Is new credit-check ban for job applications good or bad?

By Patrick Emerson
Oregon Economics Blog

Oregon state Senate Bill 1045 prohibits most employers from using credit checks in their pre-employment screen of job seekers.  It has passed the house and senate and awaits the Governor’s signature.

It is not clear to me where the market failure is here.  It seems to me that proponents of the bill are suggesting two problems: the information is not meaningful (good people caught due to no fault of their own), or the information is wrong.  If the information is not meaningful or inaccurate then the market should take care of the problem by itself: employers will find that using credit reports does not yield good information and costs money and time and thus they should decide that it is not worth the effort.

So if the argument that the credit score has nothing to do with whether a person will be a good employee is true then the worth of credit scores to employers should quickly be revealed to be nil and they will stop on their own.  In which case there is no need for a legislative solution.

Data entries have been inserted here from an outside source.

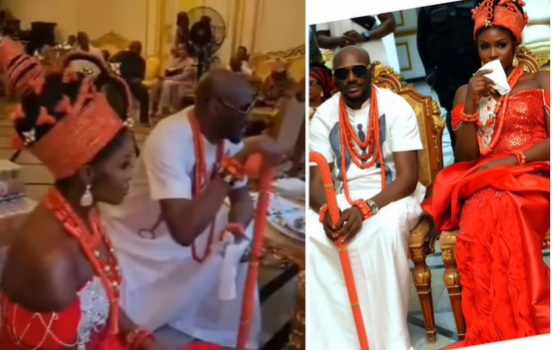 A video showing the moment singer 2Face Idibia and Natasha received parental blessings during their traditional wedding has surfaced online.
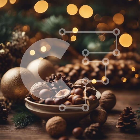 Intra Συλλεκτικό Ξύλινο Παζλ Plywood 4mm – Μπολ με ξηρούς καρπούς, κουκουνάρια και στολίδια σε ένα διακοσμημένο ξύλινο τραπέζι Σε Ξύλινο Κουτί – Διαστάσεις: 10×10 cm – 25 κομμάτια
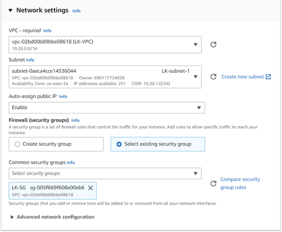 - 前のセクション(LK-SG)で作成したセキュリティグループを選択します。
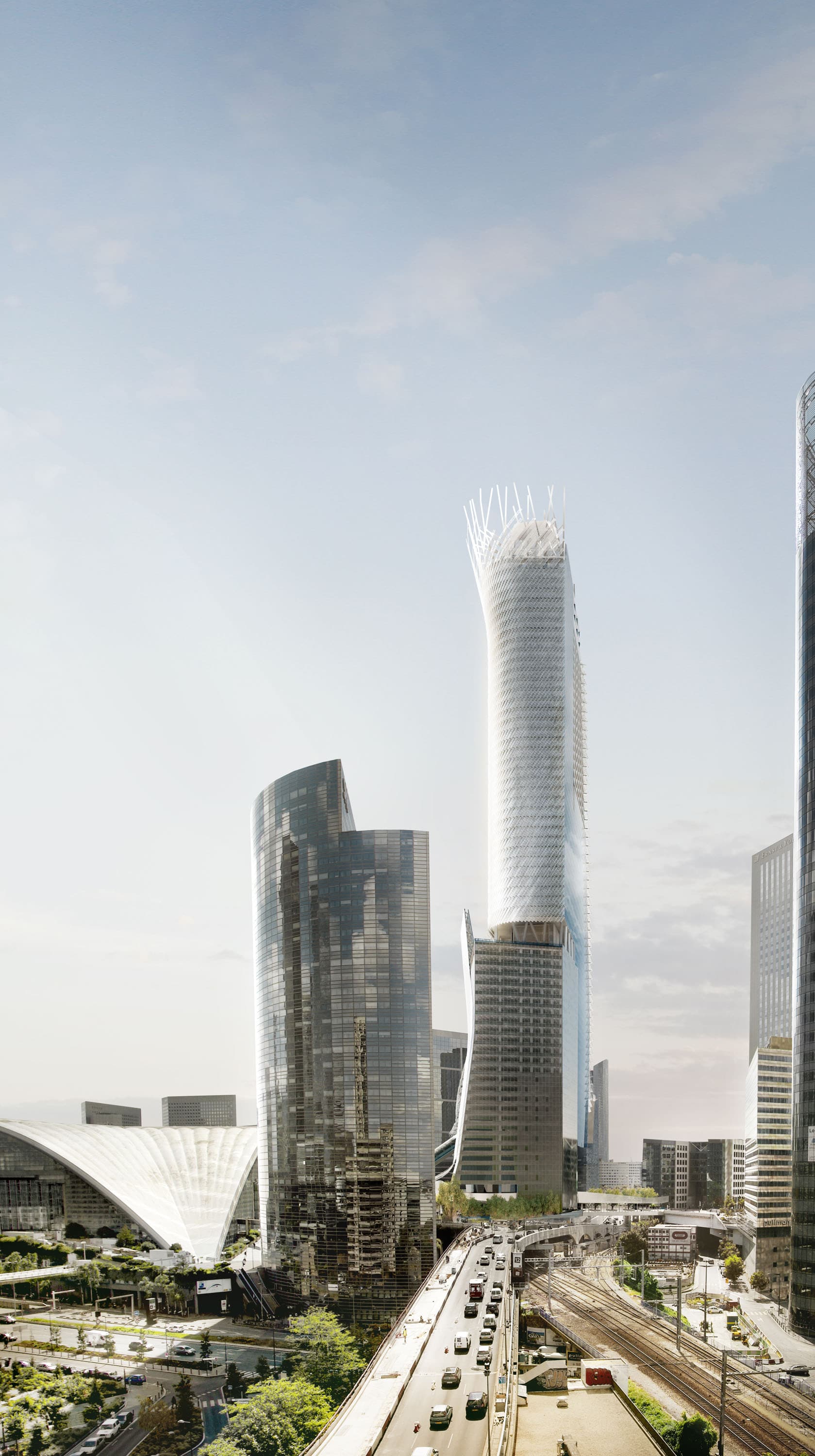 Cette tour mixte l’acier et le béton. Reposant sur un sol calcaire à 20 mètres en dessous du sol, comme ses voisines, une autre partie de ses fondations repose sur des piliers qui traversent les voies de la gare SNCF souterraine. La nouveauté technique de la tour est son fin noyau béton qui est combiné à un diagrid métallique, ce dernier agit comme une « canne » sur le noyau de béton. Cette technique permet de diminuer l’effet d’oscillation, elle a été retenue après 17 modèles de calculs. Au niveau du chantier, la réalisation des sous-sols s’opérera en même temps que l’élévation des étages. Pour le bien des habitants de Puteaux et de Courbevoies, Unibail-Rodamco construira une passerelle temporaire pour pallier la démolition de la passerelle Carpeaux.
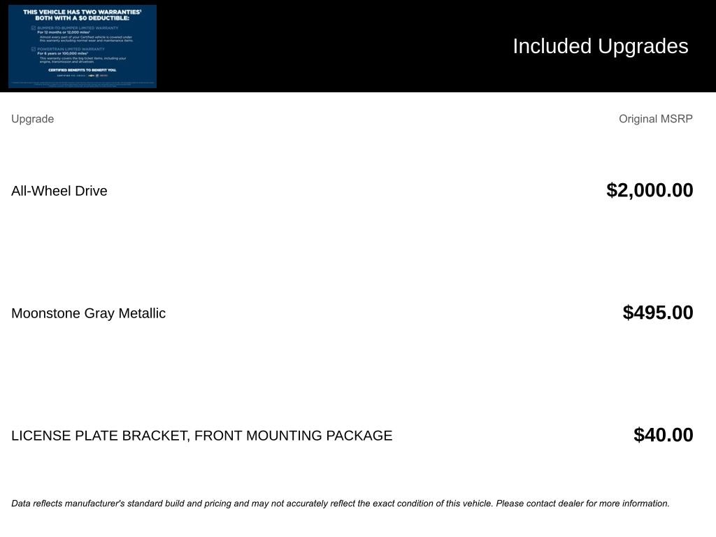 * 24 months/24,000 miles (whichever comes first) Certified Pre-Owned Scheduled Maintenance Plan and 3 days/150 miles (whichever comes first) Vehicle Exchange Program. 1 month of OnStar Safety & Security Plan, Navigation Services, Remote Access Plan, and 1 month or 3GB of 4G LTE data (whichever comes first).
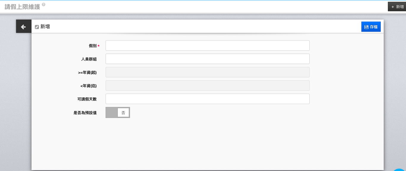 操作:頁面右上方點擊「新增」,選擇上一步驟所新增假別,並完成其他欄位(紅色*為必填)。若該假別的可請假天數無上限,請回到上一步驟的「假別設定」中,將「是否可超過可請時數」選擇為「是」,則「 可請假天數」即可隨意填寫數字,如 0~99
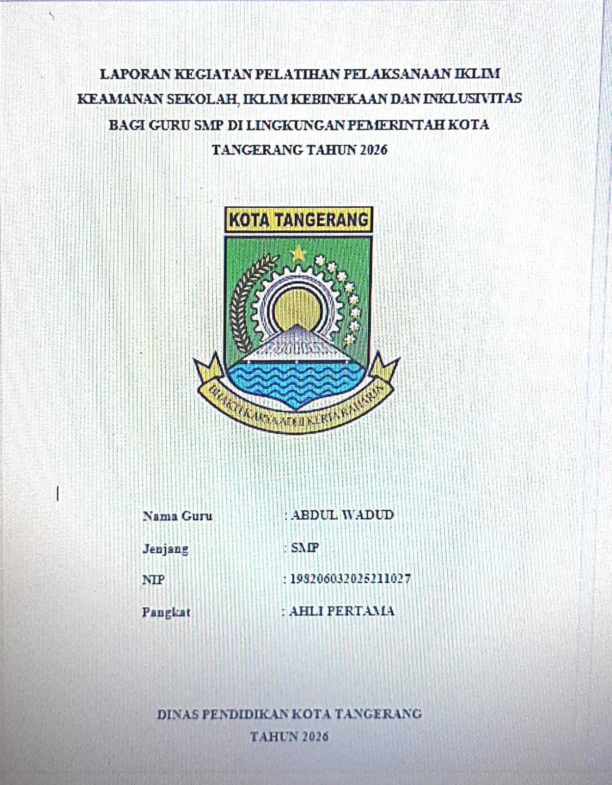 Laporan ini disusun sebagai bentuk dokumentasi dan pertanggungjawaban pelaksanaan kegiatan Pelatihan Peningkatan Kompetensi Asesmen Membaca Bagi Guru Sekolah Dasar di Lingkungan Pemerintah Kota Tangerang Tahun 2026. Laporan ini memuat gambaran…
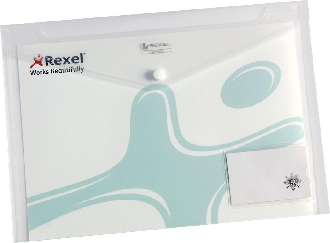 REXEL Dokumententasche ICE, DIN A4 quer, PP, glasklar mit Visitenkartentasche auf der Vorderseite, Druckknopf- - 5 Stück (2101663)

Now there is one way in which I can see a problem that may need a legislative solution: if the information is wrong but not randomly wrong, systematically wrong.  In other words if one group’s credit scores are systematically lower due to error. For instance if racial minorities are more likely to have mistakes on their credit reports which lowers their scores.  In this case using a credit score is equivalent to discrimination (albeit unwittingly).  If this is true, however, the problem is with the credit rating agencies themselves and has many more implications than just hiring.  The solution to this problem is regulating the agencies themselves. [Note: a quick search of the literature revealed no study claiming bias in the scores themselves though the scores themselves may be indicative of discrimination – e.g. giving minority applicants access only to sub-prime loans even if they qualify for better. But also note that if using biased scores leads to discrimination on the basis of sex or race then there is already a law that prohibits such behavior – for any reason]

Employers base their hiring decisions on many factors that aren’t always in our complete control and can be victims of circumstance. A health emergency that may have ruined someone’s credit may have also caused some bad grades in college.  But GPA is an acceptable piece of information to use and no one proposes regulating using it.  Smart employers will ask why the GPA is low or the credit is bad before making their decisions, because more information in markets is almost always a good thing. For this reason, I don’t think deliberately limiting the information prospective employers can collect is a good idea.